=== What this task involves ===
Print the lines below word for word, beginning with the first and ending with the line that holds "Krukke i rødt", and skip every picture.

=== Provided data ===
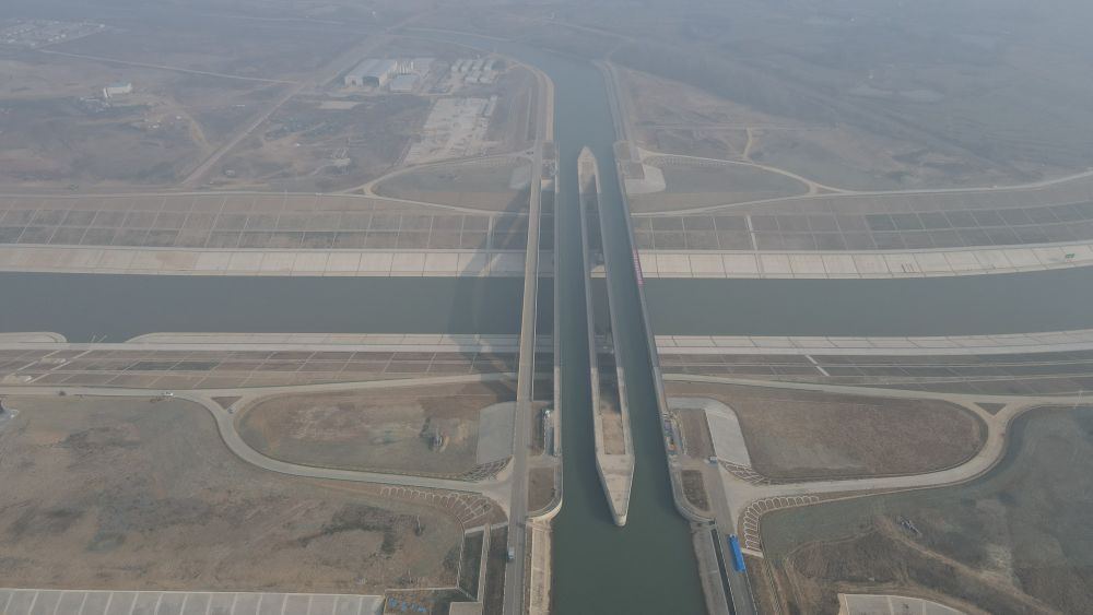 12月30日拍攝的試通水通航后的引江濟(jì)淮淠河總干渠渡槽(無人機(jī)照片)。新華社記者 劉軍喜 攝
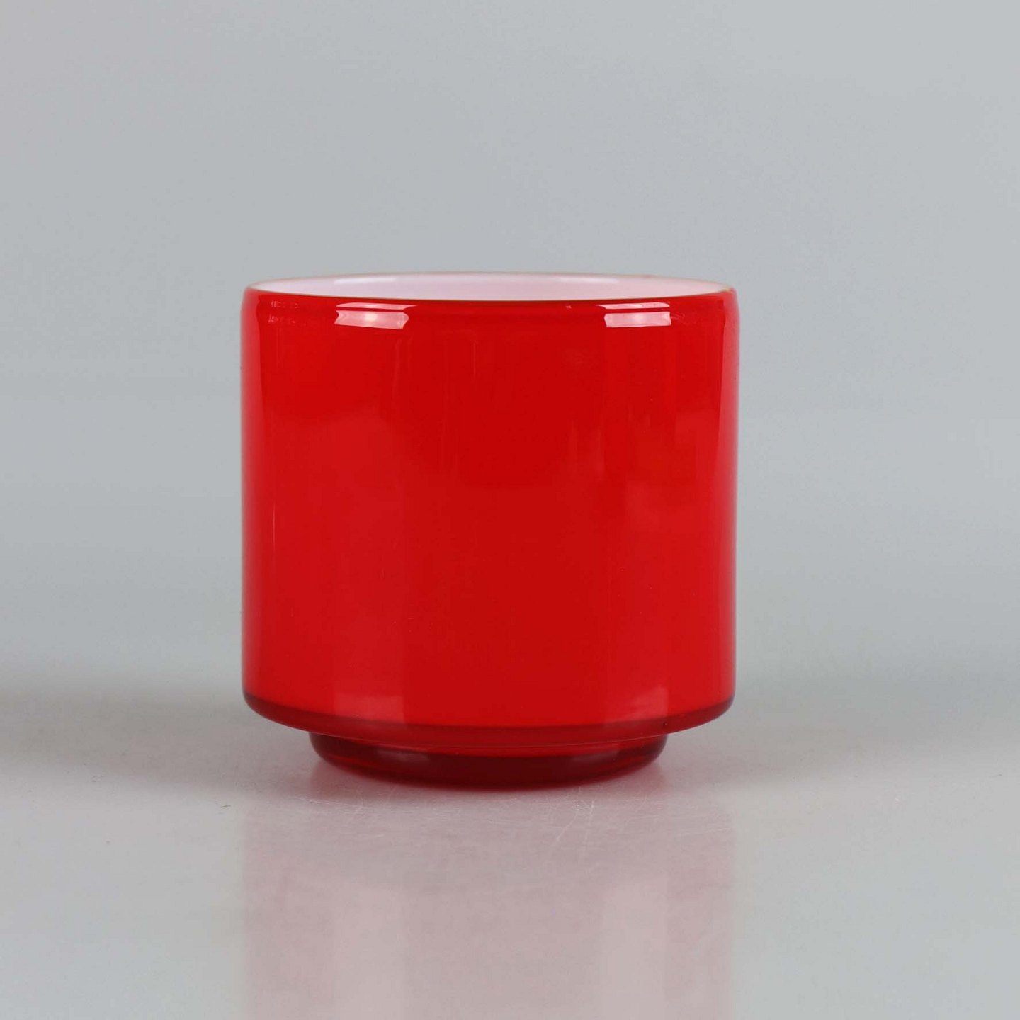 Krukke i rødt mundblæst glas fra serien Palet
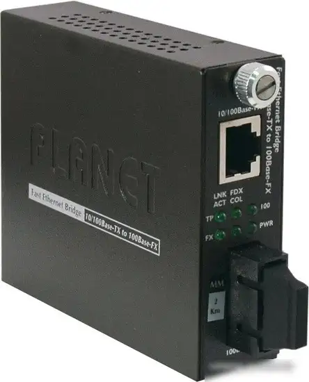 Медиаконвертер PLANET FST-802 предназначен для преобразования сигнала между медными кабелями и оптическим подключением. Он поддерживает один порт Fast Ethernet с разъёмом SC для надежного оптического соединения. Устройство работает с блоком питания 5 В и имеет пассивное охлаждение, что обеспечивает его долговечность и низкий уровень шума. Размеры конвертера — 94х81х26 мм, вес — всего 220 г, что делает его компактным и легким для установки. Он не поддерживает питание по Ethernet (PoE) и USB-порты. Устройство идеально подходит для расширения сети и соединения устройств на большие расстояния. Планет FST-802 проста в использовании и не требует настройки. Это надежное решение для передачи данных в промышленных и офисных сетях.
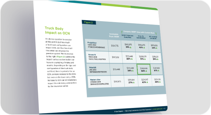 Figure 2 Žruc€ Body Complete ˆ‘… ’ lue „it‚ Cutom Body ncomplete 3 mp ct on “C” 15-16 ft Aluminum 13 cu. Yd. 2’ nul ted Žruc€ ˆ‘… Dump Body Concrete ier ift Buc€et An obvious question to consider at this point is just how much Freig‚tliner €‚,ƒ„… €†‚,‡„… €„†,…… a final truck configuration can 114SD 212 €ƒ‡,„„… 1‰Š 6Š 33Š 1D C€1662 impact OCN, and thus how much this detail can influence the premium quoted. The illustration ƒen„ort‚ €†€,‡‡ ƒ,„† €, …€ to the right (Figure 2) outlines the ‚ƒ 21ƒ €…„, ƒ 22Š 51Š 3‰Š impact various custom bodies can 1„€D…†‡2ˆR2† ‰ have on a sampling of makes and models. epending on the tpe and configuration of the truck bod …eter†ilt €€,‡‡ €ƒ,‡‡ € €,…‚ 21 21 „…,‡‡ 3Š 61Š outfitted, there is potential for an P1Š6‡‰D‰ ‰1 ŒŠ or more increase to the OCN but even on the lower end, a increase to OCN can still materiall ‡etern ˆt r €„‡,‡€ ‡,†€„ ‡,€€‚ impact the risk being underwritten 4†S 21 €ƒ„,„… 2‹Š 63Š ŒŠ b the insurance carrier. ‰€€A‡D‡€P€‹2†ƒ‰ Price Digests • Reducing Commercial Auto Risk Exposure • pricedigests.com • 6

=== Output of the task ===
 12月30日拍攝的試通水通航后的引江濟(jì)淮淠河總干渠渡槽(無人機(jī)照片)。新華社記者 劉軍喜 攝
 Krukke i rødt mundblæst glas fra serien Palet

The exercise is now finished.